[Data entries]
━━━━

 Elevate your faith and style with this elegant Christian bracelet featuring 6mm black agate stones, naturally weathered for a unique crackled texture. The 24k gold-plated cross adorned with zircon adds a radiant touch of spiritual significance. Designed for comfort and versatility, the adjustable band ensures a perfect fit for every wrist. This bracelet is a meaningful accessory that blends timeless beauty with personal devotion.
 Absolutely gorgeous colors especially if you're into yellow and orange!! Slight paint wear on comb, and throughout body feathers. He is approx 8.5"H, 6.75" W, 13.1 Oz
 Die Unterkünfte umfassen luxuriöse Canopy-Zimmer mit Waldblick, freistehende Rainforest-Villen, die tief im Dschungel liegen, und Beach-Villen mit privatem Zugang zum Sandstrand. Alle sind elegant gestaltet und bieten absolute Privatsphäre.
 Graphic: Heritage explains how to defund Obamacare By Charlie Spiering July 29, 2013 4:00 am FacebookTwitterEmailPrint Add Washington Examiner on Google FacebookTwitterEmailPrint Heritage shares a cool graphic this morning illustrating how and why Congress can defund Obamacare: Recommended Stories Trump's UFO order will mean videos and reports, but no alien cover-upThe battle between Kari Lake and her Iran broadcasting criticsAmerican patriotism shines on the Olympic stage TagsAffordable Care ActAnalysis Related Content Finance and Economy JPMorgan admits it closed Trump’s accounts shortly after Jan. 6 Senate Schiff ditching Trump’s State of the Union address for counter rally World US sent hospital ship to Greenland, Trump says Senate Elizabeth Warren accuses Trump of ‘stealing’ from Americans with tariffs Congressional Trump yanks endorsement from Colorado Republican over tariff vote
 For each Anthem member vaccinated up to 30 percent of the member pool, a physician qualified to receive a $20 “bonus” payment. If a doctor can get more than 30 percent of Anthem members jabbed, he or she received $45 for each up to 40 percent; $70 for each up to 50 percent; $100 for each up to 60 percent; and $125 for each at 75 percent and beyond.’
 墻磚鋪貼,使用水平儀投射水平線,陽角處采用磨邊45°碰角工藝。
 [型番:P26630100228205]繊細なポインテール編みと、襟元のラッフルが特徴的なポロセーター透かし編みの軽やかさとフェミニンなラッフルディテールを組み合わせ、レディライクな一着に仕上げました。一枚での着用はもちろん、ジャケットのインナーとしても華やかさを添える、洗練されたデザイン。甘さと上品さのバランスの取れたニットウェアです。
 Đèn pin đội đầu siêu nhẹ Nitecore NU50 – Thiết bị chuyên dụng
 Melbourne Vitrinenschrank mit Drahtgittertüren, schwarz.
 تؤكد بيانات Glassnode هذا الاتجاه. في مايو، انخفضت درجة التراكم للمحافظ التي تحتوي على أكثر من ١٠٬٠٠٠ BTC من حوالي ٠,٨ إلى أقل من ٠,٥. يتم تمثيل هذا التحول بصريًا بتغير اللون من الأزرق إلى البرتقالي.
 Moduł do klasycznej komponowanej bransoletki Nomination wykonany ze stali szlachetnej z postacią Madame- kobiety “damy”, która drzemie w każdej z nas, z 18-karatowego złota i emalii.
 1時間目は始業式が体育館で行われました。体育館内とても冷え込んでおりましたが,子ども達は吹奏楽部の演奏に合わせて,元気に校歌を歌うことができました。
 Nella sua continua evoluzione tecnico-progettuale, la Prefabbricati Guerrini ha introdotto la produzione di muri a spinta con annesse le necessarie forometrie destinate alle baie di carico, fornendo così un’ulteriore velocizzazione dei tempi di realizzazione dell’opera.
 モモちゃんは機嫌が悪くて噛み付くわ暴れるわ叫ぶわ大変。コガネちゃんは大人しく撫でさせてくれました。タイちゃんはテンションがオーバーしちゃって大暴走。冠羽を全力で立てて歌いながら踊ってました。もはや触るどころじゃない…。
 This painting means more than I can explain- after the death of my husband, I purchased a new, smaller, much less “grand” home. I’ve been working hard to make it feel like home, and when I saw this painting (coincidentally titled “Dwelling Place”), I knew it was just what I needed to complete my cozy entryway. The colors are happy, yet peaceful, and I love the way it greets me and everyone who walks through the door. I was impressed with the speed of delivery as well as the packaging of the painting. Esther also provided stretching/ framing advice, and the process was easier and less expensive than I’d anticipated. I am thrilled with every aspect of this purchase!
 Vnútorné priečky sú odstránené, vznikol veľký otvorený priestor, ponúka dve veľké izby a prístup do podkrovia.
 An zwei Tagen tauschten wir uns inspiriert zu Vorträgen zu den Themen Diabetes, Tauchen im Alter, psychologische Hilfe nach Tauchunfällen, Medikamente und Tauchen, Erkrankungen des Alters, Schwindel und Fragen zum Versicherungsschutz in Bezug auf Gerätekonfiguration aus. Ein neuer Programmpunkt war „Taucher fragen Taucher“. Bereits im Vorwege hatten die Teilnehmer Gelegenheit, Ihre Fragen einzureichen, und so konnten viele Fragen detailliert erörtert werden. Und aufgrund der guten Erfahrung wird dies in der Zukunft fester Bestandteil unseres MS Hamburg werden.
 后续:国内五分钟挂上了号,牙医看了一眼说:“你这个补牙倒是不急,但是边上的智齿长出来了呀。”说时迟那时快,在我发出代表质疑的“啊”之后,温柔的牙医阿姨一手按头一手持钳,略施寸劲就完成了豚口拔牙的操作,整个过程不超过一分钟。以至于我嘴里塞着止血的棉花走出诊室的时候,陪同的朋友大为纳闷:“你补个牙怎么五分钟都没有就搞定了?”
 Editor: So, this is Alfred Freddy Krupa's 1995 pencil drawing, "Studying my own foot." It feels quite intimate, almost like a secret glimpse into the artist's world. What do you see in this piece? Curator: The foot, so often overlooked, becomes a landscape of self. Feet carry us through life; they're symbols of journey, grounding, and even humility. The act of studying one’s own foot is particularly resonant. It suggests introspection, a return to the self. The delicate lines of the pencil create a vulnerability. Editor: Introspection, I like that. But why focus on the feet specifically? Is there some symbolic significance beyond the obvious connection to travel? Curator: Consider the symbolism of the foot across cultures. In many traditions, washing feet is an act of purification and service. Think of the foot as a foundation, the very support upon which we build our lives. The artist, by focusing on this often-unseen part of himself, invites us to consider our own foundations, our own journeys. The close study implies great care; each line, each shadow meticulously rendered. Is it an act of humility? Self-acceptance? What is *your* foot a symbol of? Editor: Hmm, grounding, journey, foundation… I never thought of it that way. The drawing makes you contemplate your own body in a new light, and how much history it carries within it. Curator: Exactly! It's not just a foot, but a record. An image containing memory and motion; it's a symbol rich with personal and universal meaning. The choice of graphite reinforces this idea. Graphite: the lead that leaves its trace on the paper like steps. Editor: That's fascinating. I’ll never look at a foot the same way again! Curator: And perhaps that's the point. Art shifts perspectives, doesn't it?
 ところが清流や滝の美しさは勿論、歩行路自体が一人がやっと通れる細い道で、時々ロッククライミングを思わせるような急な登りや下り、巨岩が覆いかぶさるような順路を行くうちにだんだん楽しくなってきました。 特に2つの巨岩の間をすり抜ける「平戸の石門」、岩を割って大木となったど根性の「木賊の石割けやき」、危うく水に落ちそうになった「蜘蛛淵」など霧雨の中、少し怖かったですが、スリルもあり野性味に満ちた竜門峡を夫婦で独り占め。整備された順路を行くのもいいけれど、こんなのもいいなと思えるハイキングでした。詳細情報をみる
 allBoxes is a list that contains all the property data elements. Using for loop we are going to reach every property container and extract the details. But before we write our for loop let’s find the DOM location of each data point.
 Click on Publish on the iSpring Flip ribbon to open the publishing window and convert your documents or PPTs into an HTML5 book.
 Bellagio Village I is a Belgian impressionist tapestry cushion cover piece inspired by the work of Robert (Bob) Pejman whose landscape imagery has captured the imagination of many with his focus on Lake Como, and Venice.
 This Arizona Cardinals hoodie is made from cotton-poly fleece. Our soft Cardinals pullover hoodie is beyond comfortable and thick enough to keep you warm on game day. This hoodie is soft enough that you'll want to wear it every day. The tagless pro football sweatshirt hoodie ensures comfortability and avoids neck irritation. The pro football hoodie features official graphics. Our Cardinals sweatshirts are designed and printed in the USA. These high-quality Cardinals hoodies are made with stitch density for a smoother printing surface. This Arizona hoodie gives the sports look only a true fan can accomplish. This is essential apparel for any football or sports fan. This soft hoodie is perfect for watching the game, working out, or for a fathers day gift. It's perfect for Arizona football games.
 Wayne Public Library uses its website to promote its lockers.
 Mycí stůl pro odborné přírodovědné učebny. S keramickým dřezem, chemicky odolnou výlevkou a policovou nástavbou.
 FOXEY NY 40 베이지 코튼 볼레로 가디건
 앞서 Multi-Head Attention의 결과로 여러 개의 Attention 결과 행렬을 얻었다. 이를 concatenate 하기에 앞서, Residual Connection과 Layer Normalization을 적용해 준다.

━━━━

• **TASK ITEM**
Look through the entries above for the word "Lake". Say how many lines contain it, using only a number.

• **THE COMPLETED TASK**
2